Daily nursing and rehabilitative care that can be performed only by or under the supervision of, skilled medical personnel.


Skilled Nursing Facility (SNF)

Facility that is certified by Medicare to provide 24-hour nursing care and rehabilitation services in addition to other medical services.


Social Security Disability Insurance (SSDI)

A system of federally provided payments to eligible workers (and, in some cases, their families) when they are unable to continue working because of a disability. Benefits begin with the sixth full month of disability and continue until the individual is capable of substantial gainful activity.

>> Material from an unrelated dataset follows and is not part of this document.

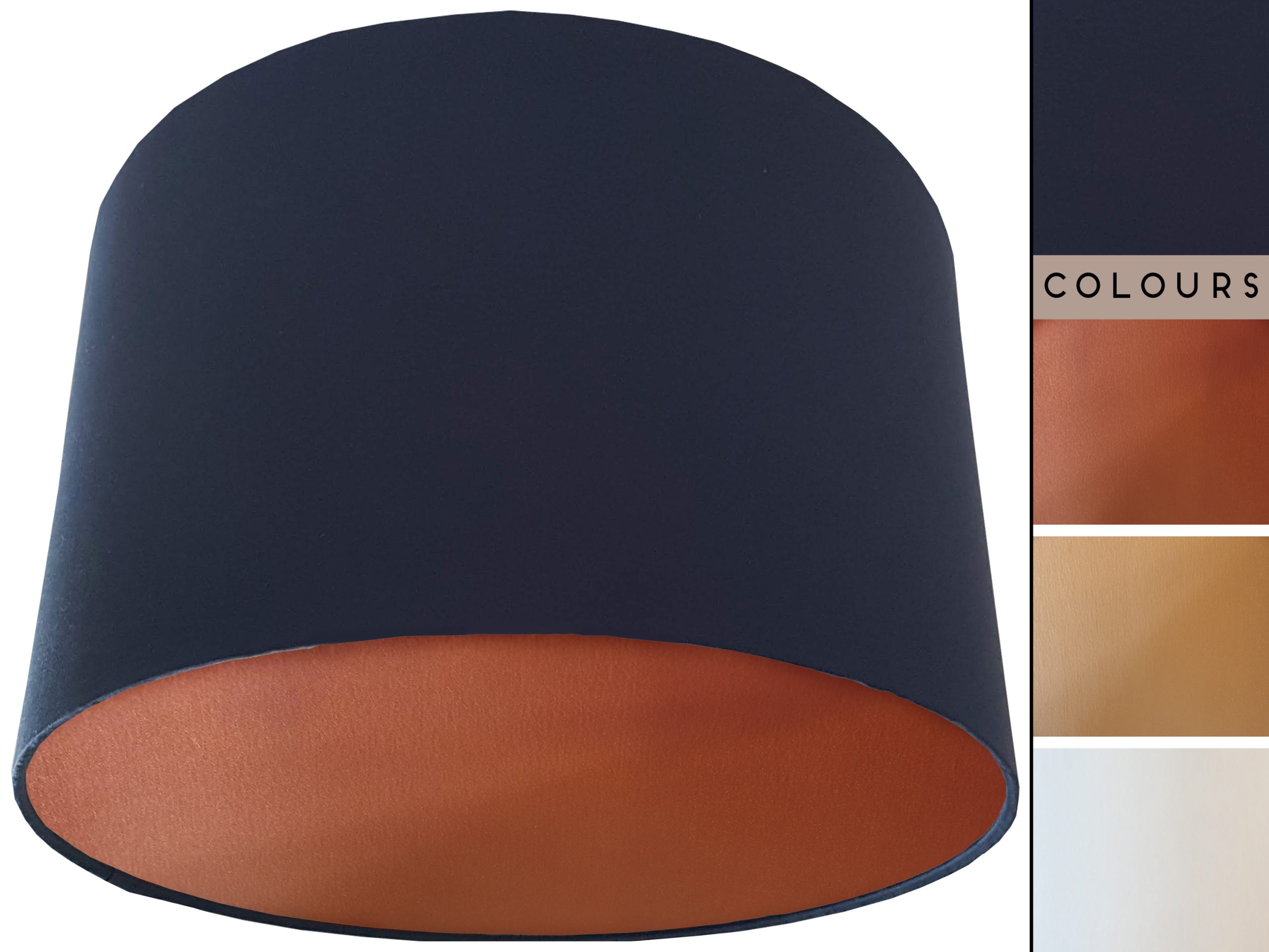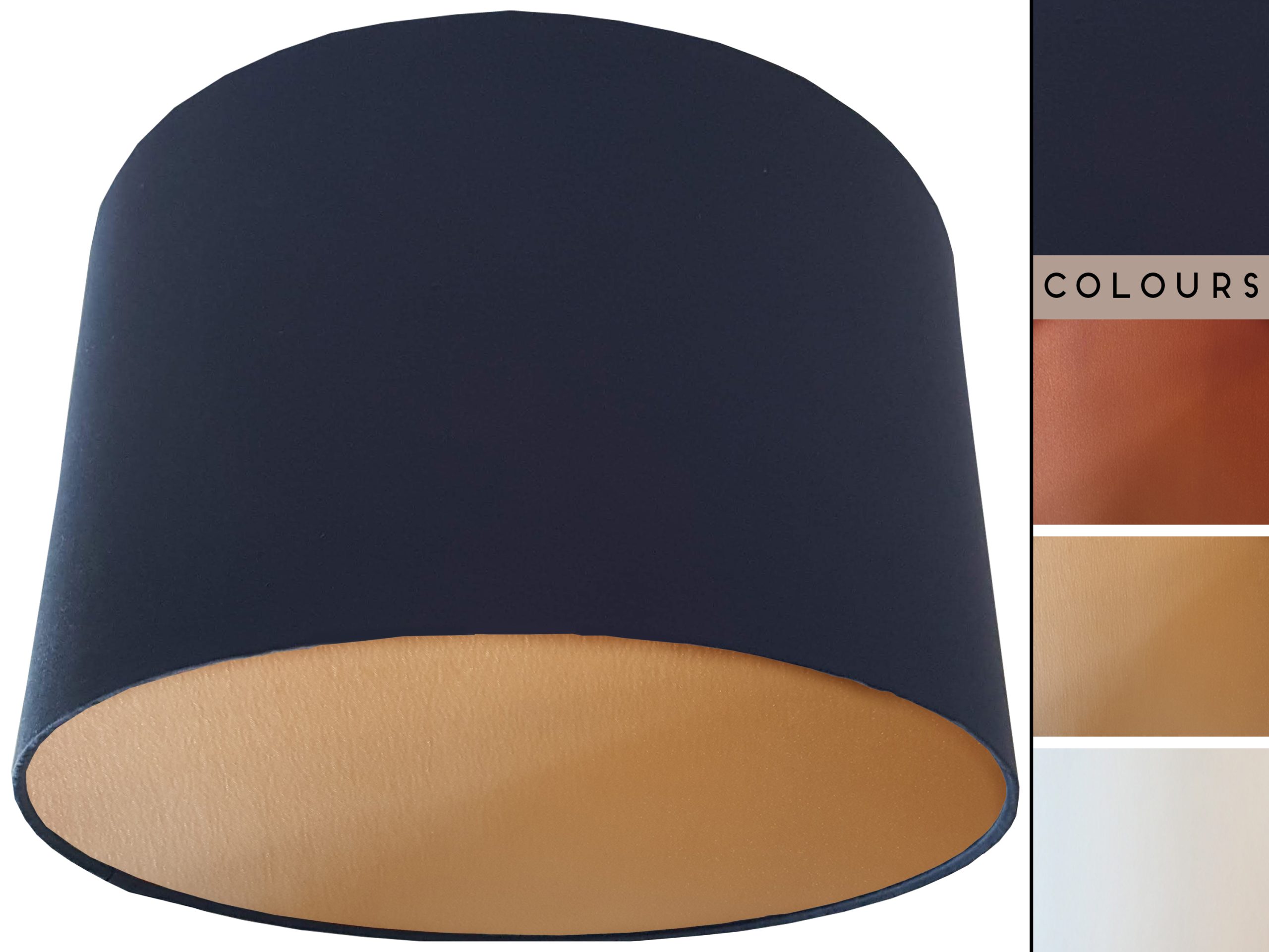 Blue lampshade with shimmer fabric lining, perfect for creating a subtle yet stylish look into any room. The outer fabric is a plain royal blue cotton, and can be paired with either a plain white PVC lining or a gorgeous shimmer fabric which adds an extra splash of colour to the shade. Perfect as a ceiling light shade or table lamp shade in your home.

An individual must have an inability to engage in any substantial gainful activity by reason of any medically determinable physical or mental impairment which can be expected to result in death or has lasted or can be expected to last for a continuous period of not less than 12 months. To meet this definition, an individual's impairment or combination of impairments must be so severe that he or she is unable to do past work, but cannot, considering age, education, and work experience, engage in any other kind of substantial gainful activity which exists in the national economy. SSDI benefits are also paid to dependents (age 18-64) of retired, deceased or disabled workers provided they were disabled in childhood, and widows/widowers aged 50 or over who were married to SSDI beneficiaries. There are different rules for determining disability for those who are statutorily blind (i.e. with central visual, acuity of 20/200 or less in the better eye with the use of correcting lens), widow/widowers, and surviving divorced wives.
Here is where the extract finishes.